Indexed News on:

--the California "Mega-Park" Project

Tracking measurable success on efforts across California to preserve and connect our Parks & Wildlife Corridors

1. long detailed stories on blogspot (here!)
2. short messages on Twitter
3. automated news feeds from CA enviro websites in the right-hand column which change frequently and are not archived by our website (that's why we now have a twitter account to permanently capture the memorable feeds)

Friday, January 2, 2009

A New Year's 2009 Message from Rare Earth News

Dear Friends,

Rare Earth News is an on-line journal tracking the measurable progress of ongoing projects to make California the greenest state in the nation. We also cover the politics and lawsuits that are part of this massive undertaking. While large groups often grab the spotlight, a lot of great work is being done by grassroots environmental groups across the state. We aim to point that out; they need your support.

The projects we cover include:

--acquisition and preservation of the California "Mega-Park", an interconnected 1000-mile California park system, that preserves our farmland, working forests and wildlife habitats from expanded urban sprawl;

--creation of a rail transit system that will directly compete with cars to significantly cut air pollution;

--construction of clean power projects using solar and wind energy to attain independence from not only hostile foreign nations but also from greedy oil companies and their monopoly on fossil fuels, and

--removing the concrete from our urban creeks and rivers and implementing zero-waste technologies to stop the pollution of our natural areas and ocean with chemicals and trash.

By tracking our successes, we can make certain we continue moving forward, not falling backward, as sometimes happened under the Bush administration. With the election of Barack Obama as President, I am hopeful that we finally have a president and congress that care about domestic issues, the environment and global warming; people we can work with, rather than fight against.


In 2008, we saw some of the biggest enviro-wreckers go broke.

At Least 90,000 acres were Preserved statewide in 2008. See Our 2008 Update to the California Conservation Lands Inventory:

On the North Coast, we have new management at Pacific Lumber that promises to end clear-cutting and bring back sustainable, long-term logging practices. In Mendocino County, land trusts have acquired huge tracts of forest company lands formerly held by Georgia-Pacific.

In the Bay area, strong urban growth boundaries in each county are keeping urban sprawl in tight control, while voters and land trusts are making sure that threatened properties and "development rights" are being bought up to expand the Bay Ridge trail system and keep farmlands green.

On the Central Coast, both San Luis Obispo and Santa Barbara Counties have newly progressive majorities on their boards of supervisors. (Environmentalists have vowed to fight two large projects pushed through by the lame duck supervisors.) In Ventura County, we have one of the toughest systems of urban growth boundaries, which has preserved a farmland greenbelt between nearly every city.

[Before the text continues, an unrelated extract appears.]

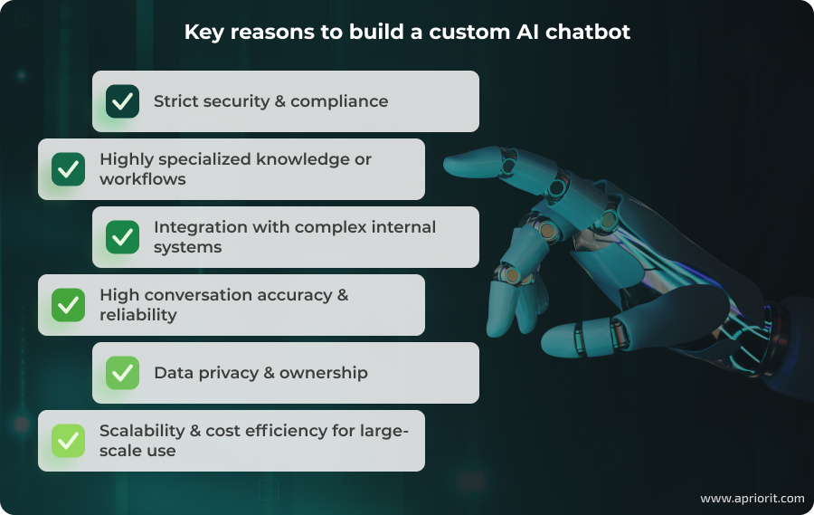 You should consider building a custom chatbot instead of relying on off-the-shelf or prompt-based solutions if your business requires:

In largely built-out L.A. County, construction of the 55 mile Backbone trail in the Santa Monica Mountains is complete. Two of the biggest developments on natural lands are stopped in their tracks. The Newhall Land Company is bankrupt, its parent having defaulted on a billion dollar loan. Newhall controls over 100,000 acres northwest of the L.A. sprawl. In early 2008 the state supreme court rejected an appeal from Playa Vista; their 110 acre project in West L.A. near the Ballona Wetlands is stopped cold. Several key wildlife corridor parcels were also saved this year, completing the Los Cerritos and Palos Verdes preserves. Meanwhile, baby steps were made to unpave and restore rivers in order to clean up urban storm water pollution and voters approved a sales tax hike to fund more rail transit.

In the Central Valley, lawsuits flared against the biggest timber owner Sierra Pacific Industries; Stanislaus County voters decided to take control of sprawl, and the biggest sprawl project there went bankrupt. The state launched an ambitious plan to create 13 new parks in the Central Valley. Finally, the state killed the Auburn dam project on the American River.

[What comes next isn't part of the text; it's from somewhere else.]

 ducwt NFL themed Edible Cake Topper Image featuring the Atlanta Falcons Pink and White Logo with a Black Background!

In the desert and South Coast, proposed wind and solar farms created both the opportunity for clean energy and controversy over threats to wildlife and huge power lines through existing parks. The feds, also, however, proposed to convert even more of the desert to military base land, a much-more destructive possibility. And finally, both the state and federal governments put the nail in the coffin to a tollroad through a coastline state park.

It's been a very exciting and interesting year at Rare Earth News and the California Mega-Park Project.